─── Data extract

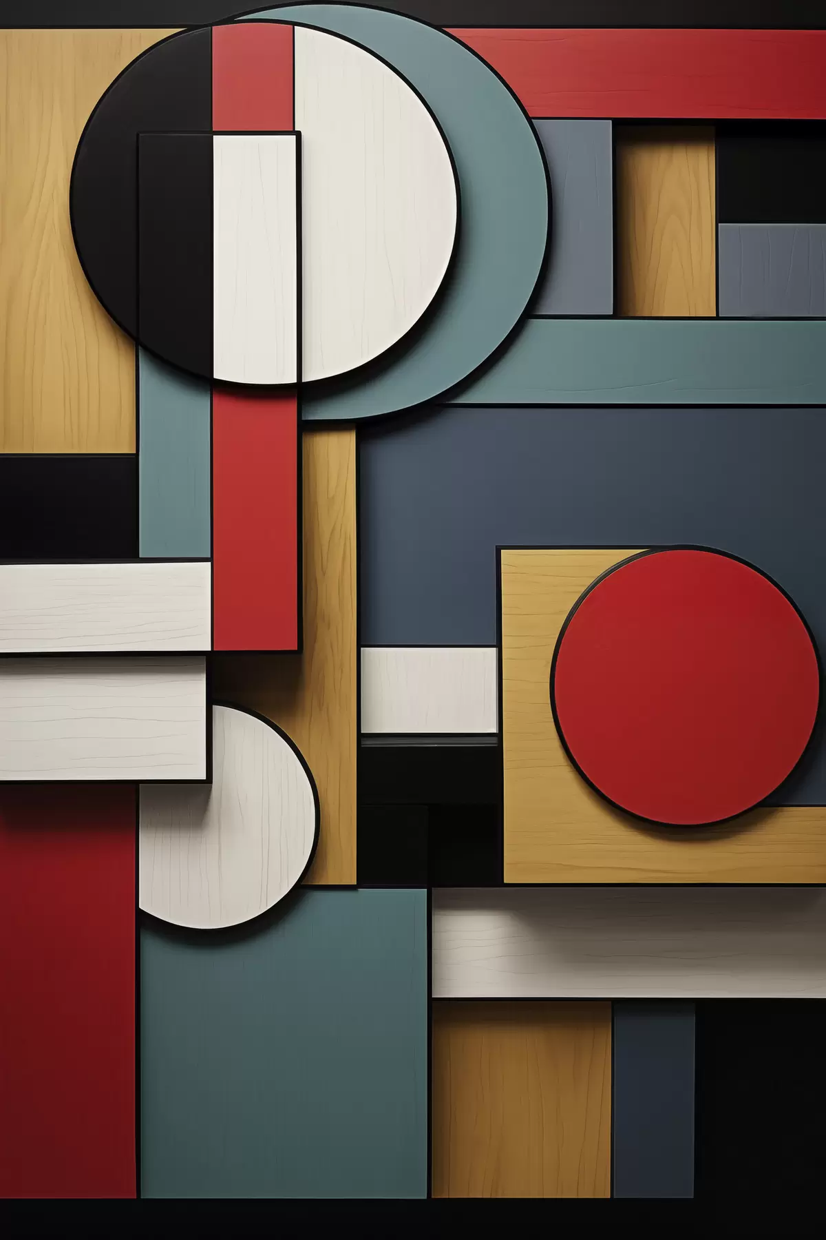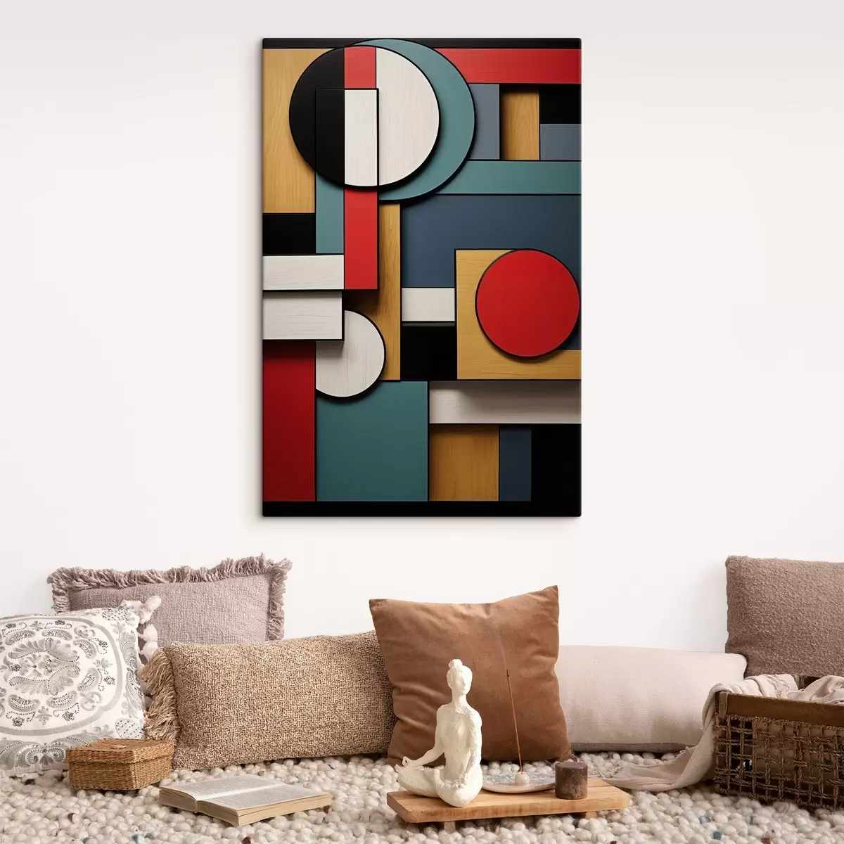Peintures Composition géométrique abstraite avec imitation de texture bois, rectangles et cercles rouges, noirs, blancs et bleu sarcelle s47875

──────
─── Data extract

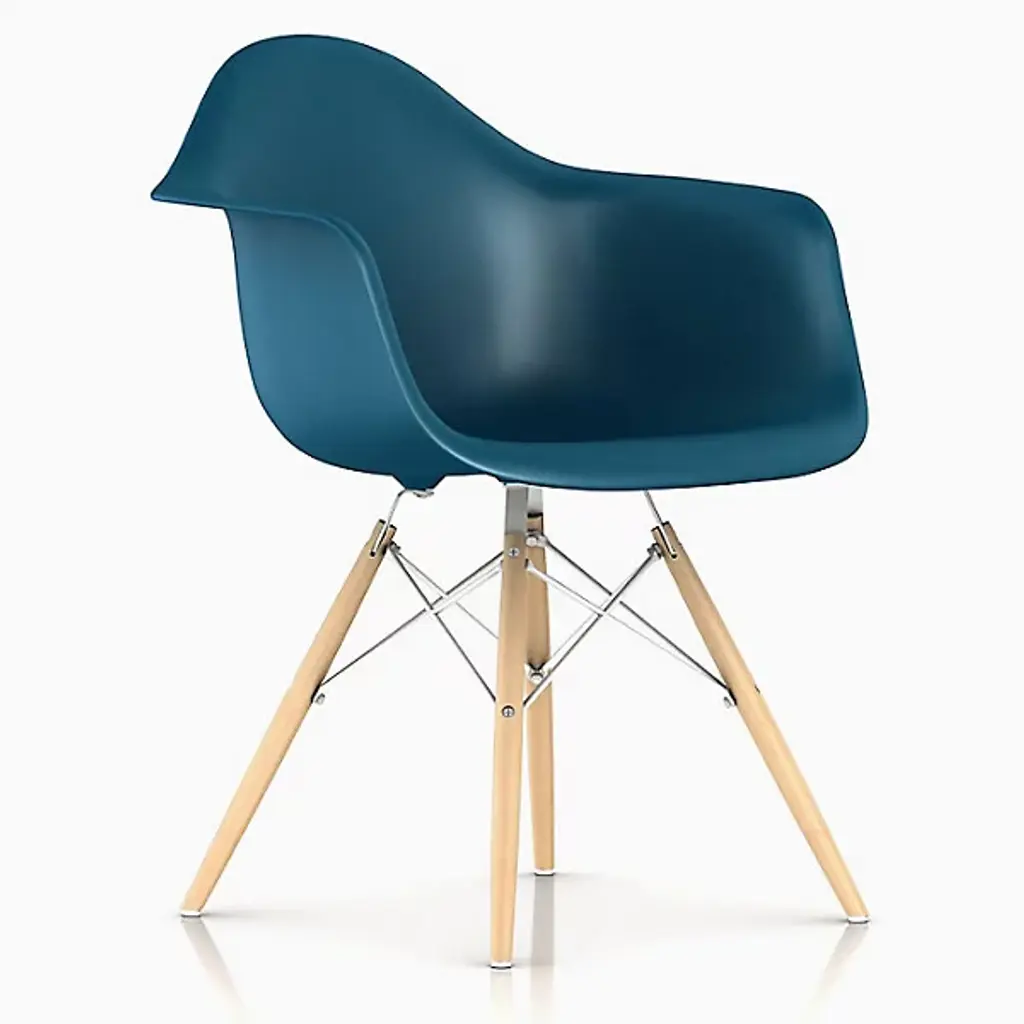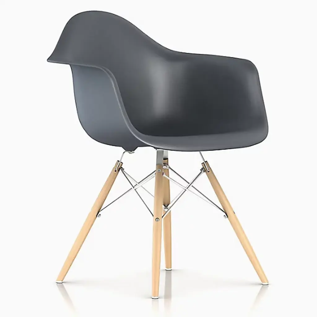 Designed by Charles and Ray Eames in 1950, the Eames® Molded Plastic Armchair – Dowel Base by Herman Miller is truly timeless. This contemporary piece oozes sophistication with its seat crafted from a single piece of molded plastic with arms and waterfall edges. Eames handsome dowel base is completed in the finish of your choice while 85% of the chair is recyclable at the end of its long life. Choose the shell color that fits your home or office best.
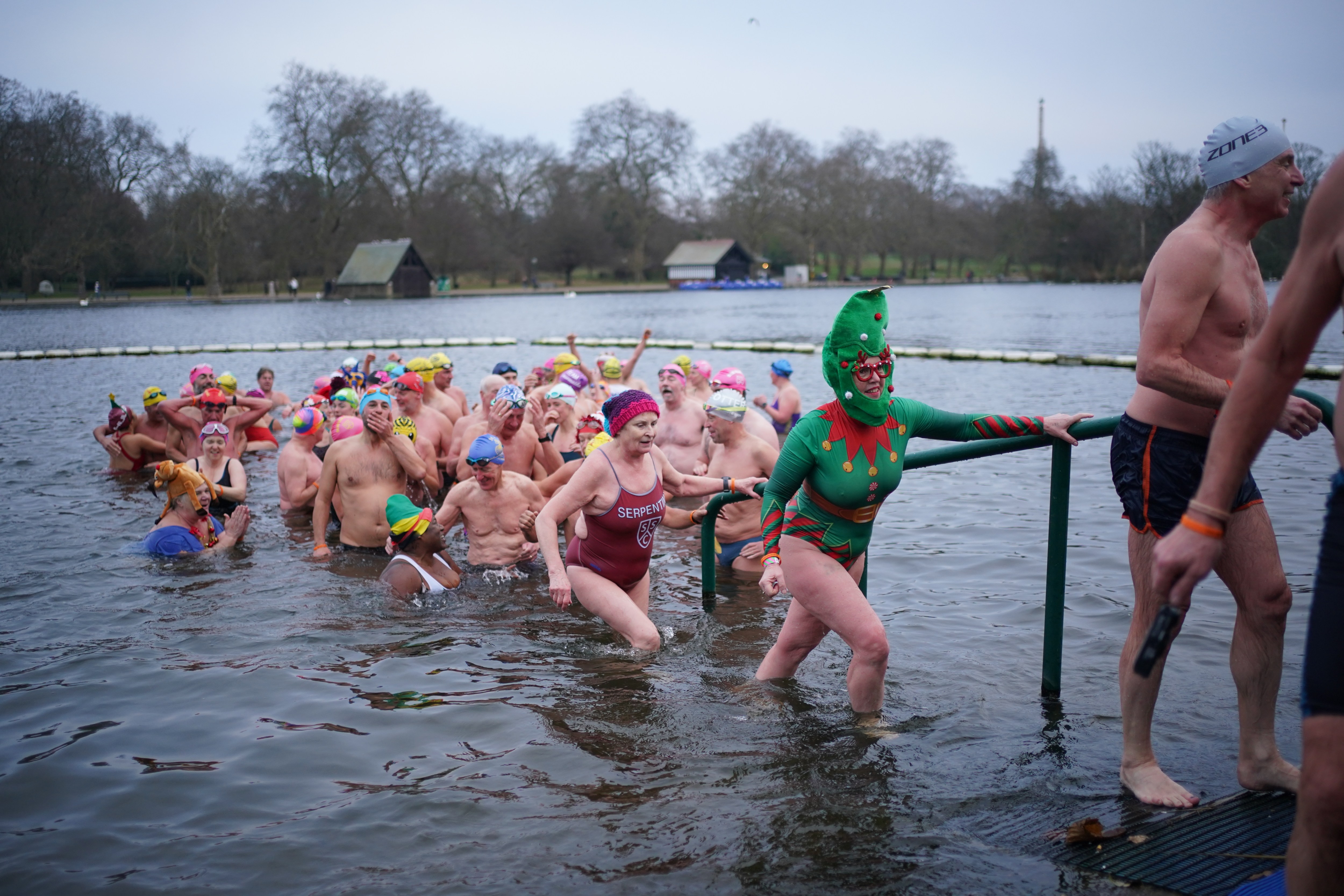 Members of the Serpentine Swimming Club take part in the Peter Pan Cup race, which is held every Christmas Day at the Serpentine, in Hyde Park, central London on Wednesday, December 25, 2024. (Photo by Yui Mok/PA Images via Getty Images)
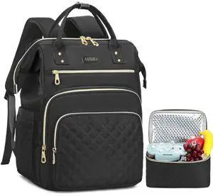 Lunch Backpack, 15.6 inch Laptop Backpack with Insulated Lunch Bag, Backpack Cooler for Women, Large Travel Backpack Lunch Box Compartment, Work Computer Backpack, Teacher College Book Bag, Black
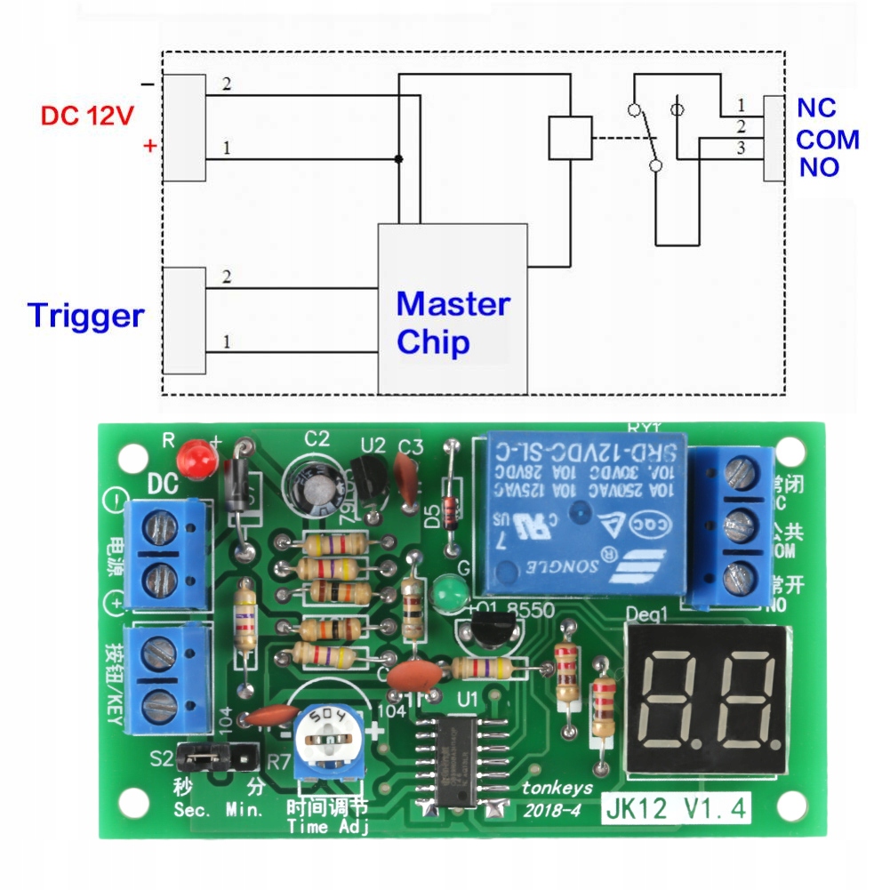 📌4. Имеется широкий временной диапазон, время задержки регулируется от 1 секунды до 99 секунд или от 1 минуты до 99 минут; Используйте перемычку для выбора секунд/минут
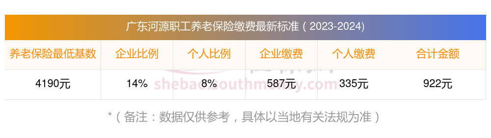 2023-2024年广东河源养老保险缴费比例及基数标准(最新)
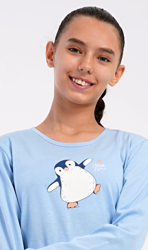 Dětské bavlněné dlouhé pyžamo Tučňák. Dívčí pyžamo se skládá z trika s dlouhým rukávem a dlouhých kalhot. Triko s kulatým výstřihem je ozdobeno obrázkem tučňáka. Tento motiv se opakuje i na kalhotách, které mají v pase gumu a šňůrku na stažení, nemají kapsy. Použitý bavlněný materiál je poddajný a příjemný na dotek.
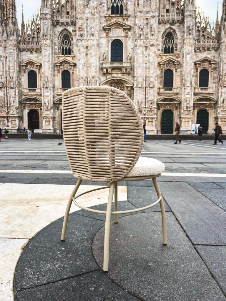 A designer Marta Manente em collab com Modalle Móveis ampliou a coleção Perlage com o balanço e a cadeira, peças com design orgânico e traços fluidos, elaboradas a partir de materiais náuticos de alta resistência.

──────
─── Data extract

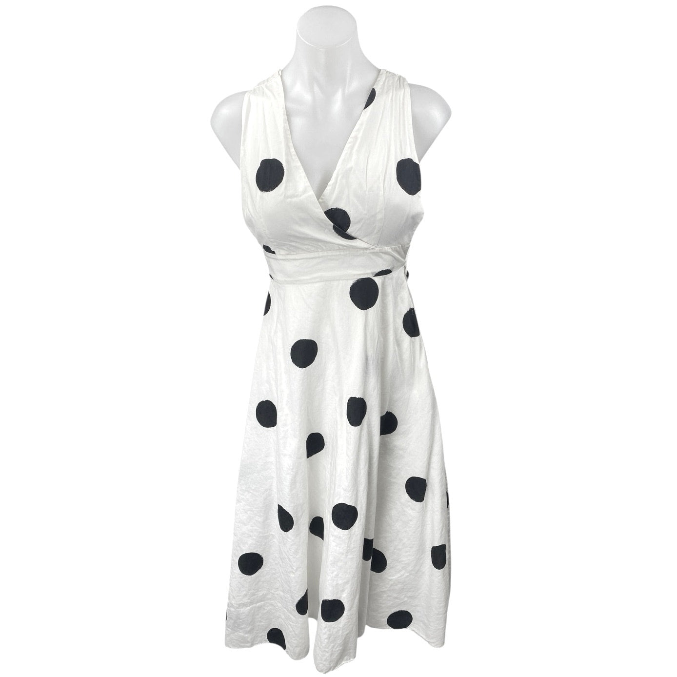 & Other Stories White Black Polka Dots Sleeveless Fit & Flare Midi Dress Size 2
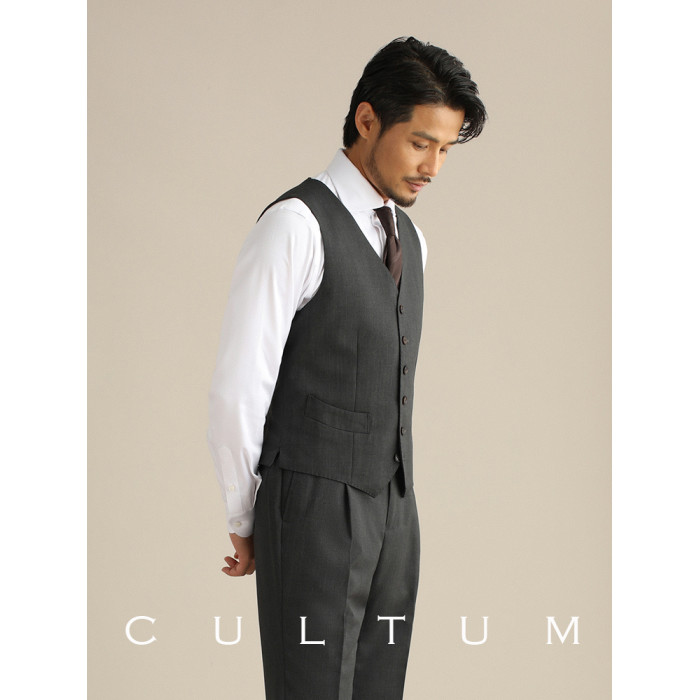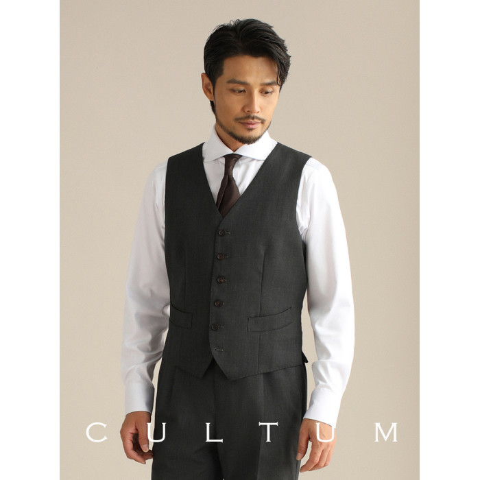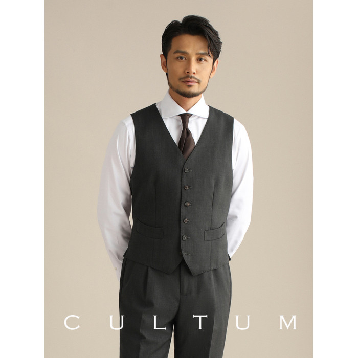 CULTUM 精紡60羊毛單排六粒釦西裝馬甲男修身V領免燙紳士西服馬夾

──────

▸ **What the exercise asks**
What you need to produce is an exact copy of the entries above, limited to the lines from the one with "Dětské bavlněné dlouhé" up to and including the one with "A designer Marta", without pictures.

▸ **Task response**
 Dětské bavlněné dlouhé pyžamo Tučňák. Dívčí pyžamo se skládá z trika s dlouhým rukávem a dlouhých kalhot. Triko s kulatým výstřihem je ozdobeno obrázkem tučňáka. Tento motiv se opakuje i na kalhotách, které mají v pase gumu a šňůrku na stažení, nemají kapsy. Použitý bavlněný materiál je poddajný a příjemný na dotek.
 A designer Marta Manente em collab com Modalle Móveis ampliou a coleção Perlage com o balanço e a cadeira, peças com design orgânico e traços fluidos, elaboradas a partir de materiais náuticos de alta resistência.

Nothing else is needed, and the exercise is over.